# Food, Agriculture, and Soils: California Counties Legislation

This notebook explores county level legislation from the LA County Code of Ordinances, hosted on the Municode Library website, found [here](https://library.municode.com/ca/los_angeles_county/codes/code_of_ordinances). Municode Library does not host an API.

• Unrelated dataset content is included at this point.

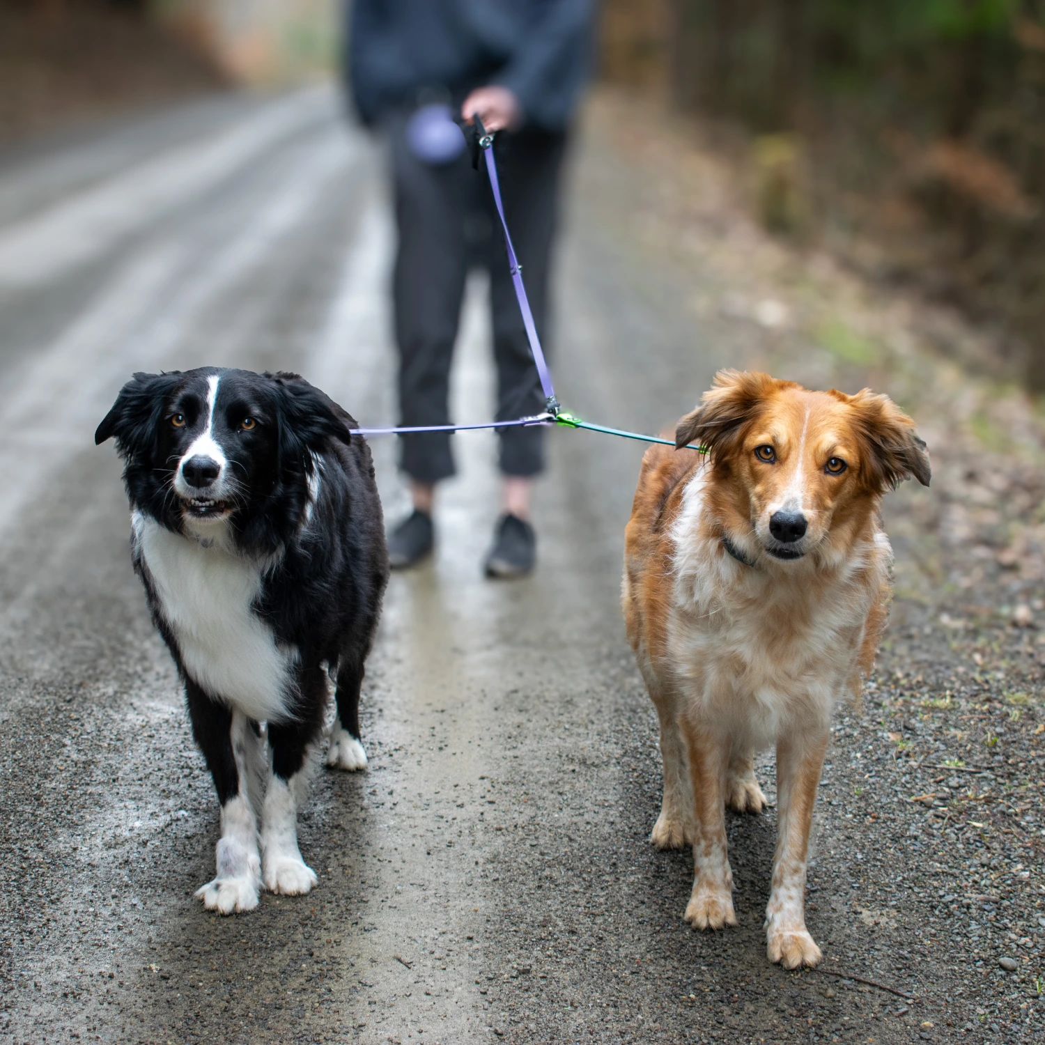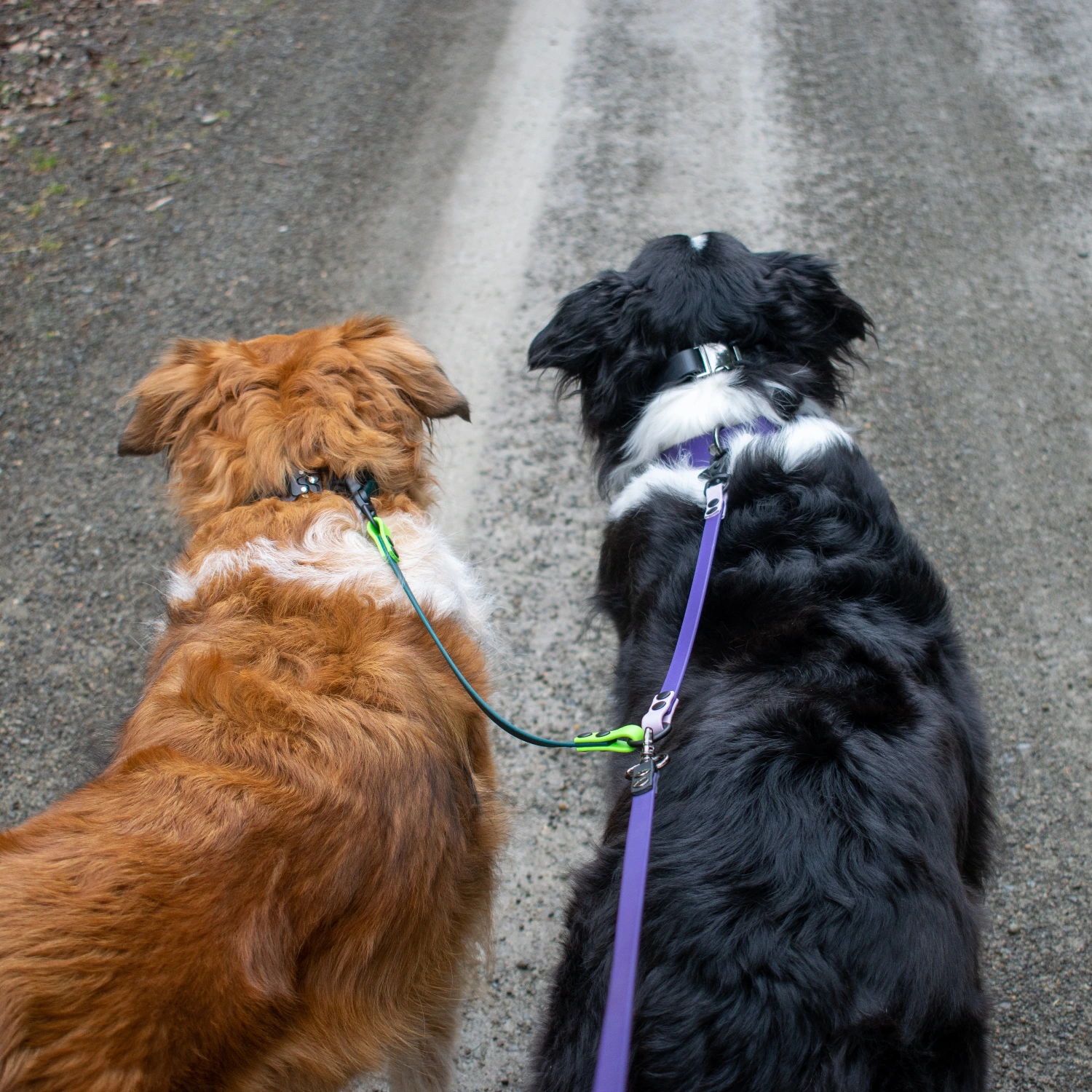 A leash splitter for easy two dog walking; an add on for the basic leash! ½ inch biothane with standard multi color options and trigger snaps. Clip a leash to the O-ring and you’re off with your two pups! Four gorgeous hardware colors. Endless color combos. Washable, stink proof, and durable, biothane is the best choice for adventure dogs!
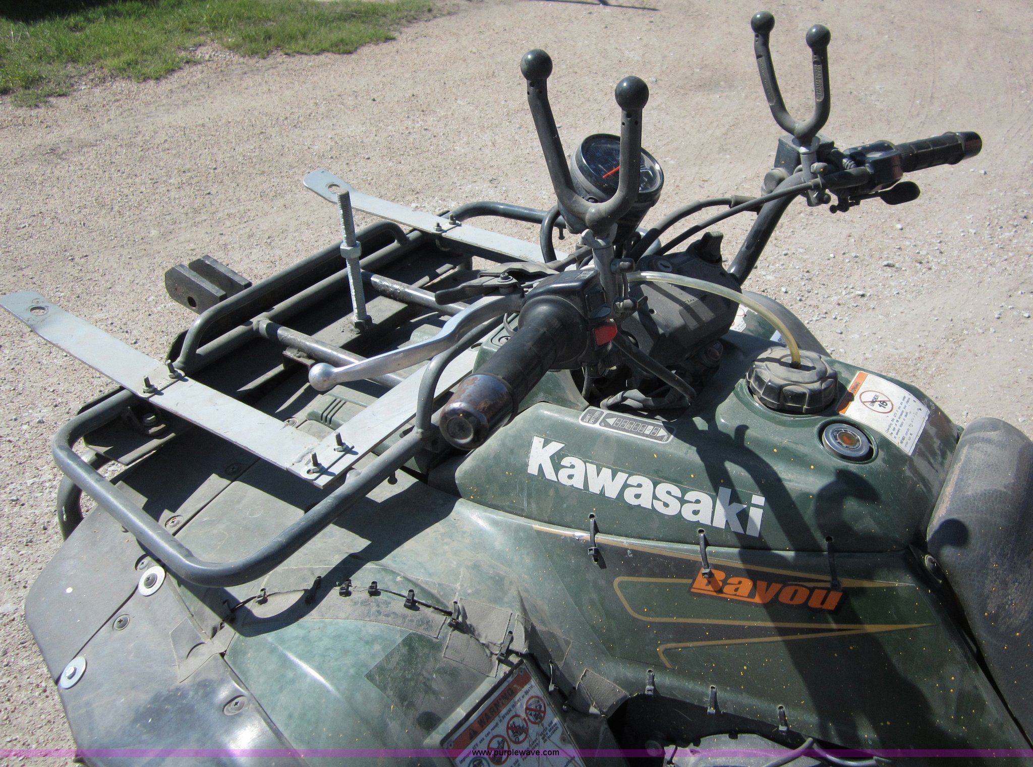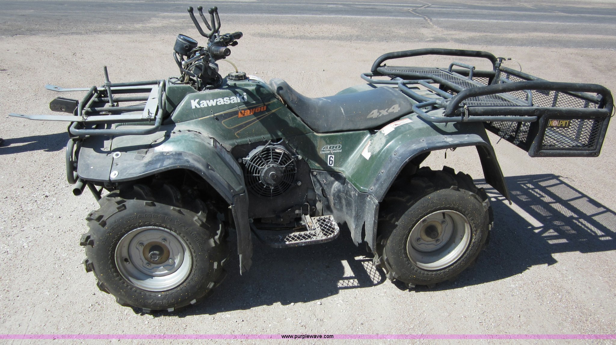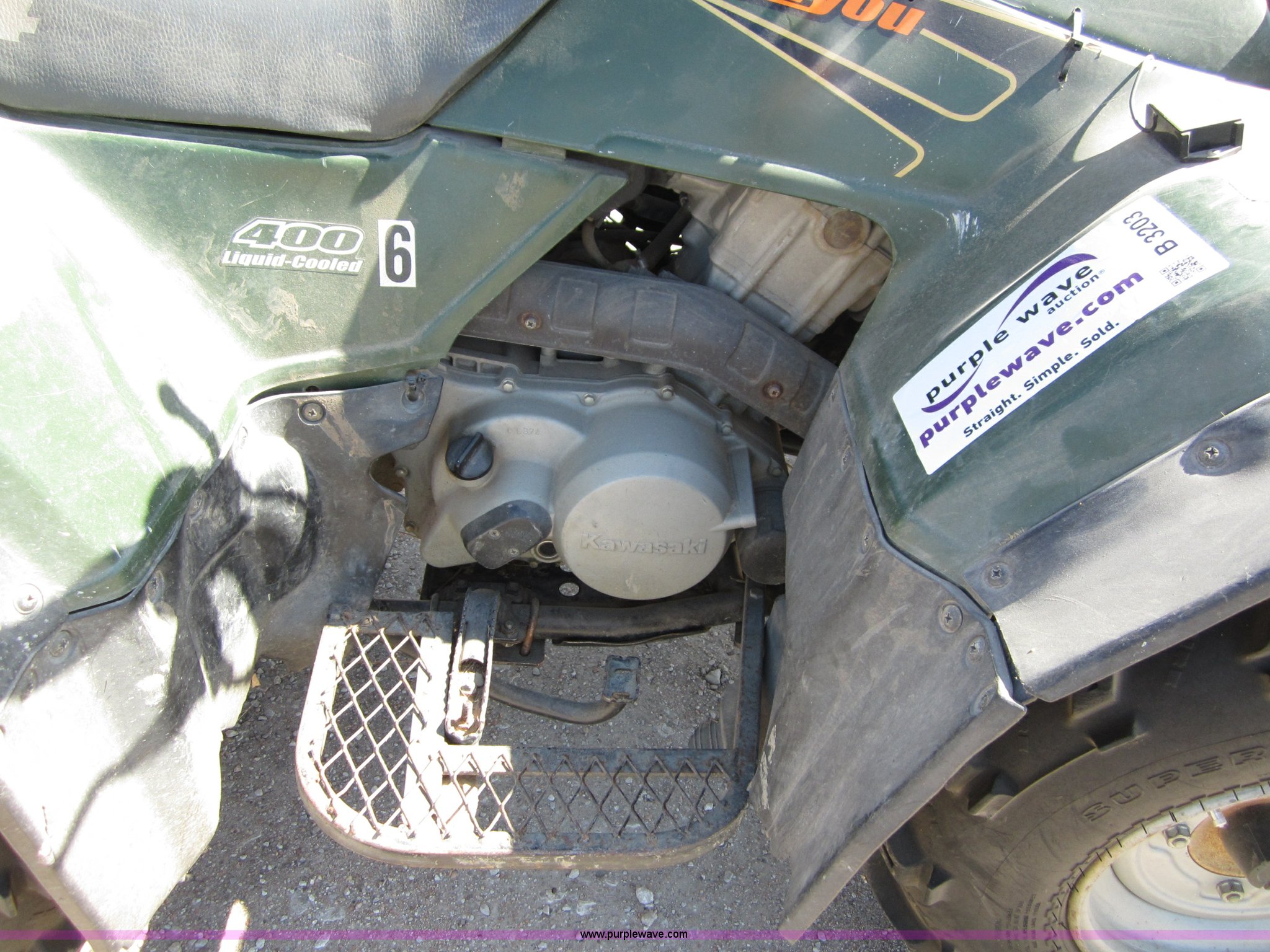 Purple Wave is selling a used ATV in Kansas. This item is a 1999 Kawasaki Bayou ATV with the following: 2,990 miles on odometer, 400 cc liquid cooled engine, Four wheel drive, Speedometer, 24x9x11 tires

More background on structure and powers of county level government [here](https://www.counties.org/general-information/county-structure-0): *"Most legislative acts, including using the police power, are adopted by ordinance."*

In [5]:
# installing selenium and webdriver manager
#!pip install selenium
#!pip install webdriver_manager

In [46]:
# libraries
import pandas as pd
import geopandas as gpd
import numpy as np

import requests
import urllib
from urllib.request import urlopen
from selenium import webdriver
from selenium.webdriver.firefox.service import Service
from selenium.webdriver.firefox.options import Options as FirefoxOptions
from selenium.webdriver.common.keys import Keys
from selenium.webdriver.common.by import By
from webdriver_manager.firefox import GeckoDriverManager
from bs4 import BeautifulSoup

import re
import os
import nltk
from nltk.corpus import stopwords
from nltk.tokenize import word_tokenize, sent_tokenize
from nltk.stem import PorterStemmer
import json

# set display
pd.options.display.max_columns = 150
pd.options.display.max_rows = 300

### Scraping the Municode Library

Codes of Ordinances typically have a common structure: titles, chapters, sections, and subsections.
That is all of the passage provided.